┌────────
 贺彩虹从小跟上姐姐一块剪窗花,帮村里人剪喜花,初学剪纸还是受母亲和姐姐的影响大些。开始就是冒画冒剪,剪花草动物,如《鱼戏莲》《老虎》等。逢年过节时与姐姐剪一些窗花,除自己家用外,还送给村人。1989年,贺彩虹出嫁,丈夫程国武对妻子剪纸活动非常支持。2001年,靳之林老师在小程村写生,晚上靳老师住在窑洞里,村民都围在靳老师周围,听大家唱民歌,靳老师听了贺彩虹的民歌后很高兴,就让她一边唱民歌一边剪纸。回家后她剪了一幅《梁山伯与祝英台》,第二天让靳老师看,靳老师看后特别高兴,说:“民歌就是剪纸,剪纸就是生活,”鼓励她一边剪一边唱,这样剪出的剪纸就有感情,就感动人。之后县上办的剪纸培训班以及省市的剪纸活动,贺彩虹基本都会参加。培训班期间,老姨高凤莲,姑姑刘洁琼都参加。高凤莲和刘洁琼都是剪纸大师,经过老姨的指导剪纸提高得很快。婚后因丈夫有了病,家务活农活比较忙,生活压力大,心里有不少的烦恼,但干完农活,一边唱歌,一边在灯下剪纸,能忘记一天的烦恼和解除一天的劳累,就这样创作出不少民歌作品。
└────────
┌────────
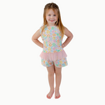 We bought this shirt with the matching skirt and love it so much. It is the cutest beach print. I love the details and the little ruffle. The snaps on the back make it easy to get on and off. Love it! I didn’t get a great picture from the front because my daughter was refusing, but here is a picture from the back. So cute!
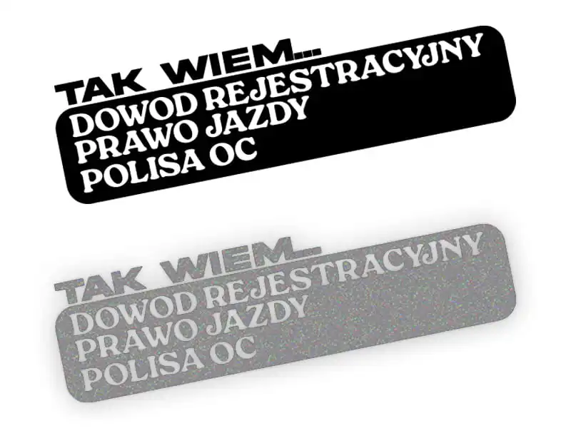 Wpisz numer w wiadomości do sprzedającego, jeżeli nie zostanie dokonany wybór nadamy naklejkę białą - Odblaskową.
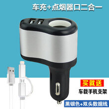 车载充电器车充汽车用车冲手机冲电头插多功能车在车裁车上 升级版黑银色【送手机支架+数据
└────────
In the records above, find the line with "Wpisz numer w" and the line with "车载充电器车充汽车用车冲手机". Write out exactly those lines and every one between, with no pictures and no other lines.

 Wpisz numer w wiadomości do sprzedającego, jeżeli nie zostanie dokonany wybór nadamy naklejkę białą - Odblaskową.
 车载充电器车充汽车用车冲手机冲电头插多功能车在车裁车上 升级版黑银色【送手机支架+数据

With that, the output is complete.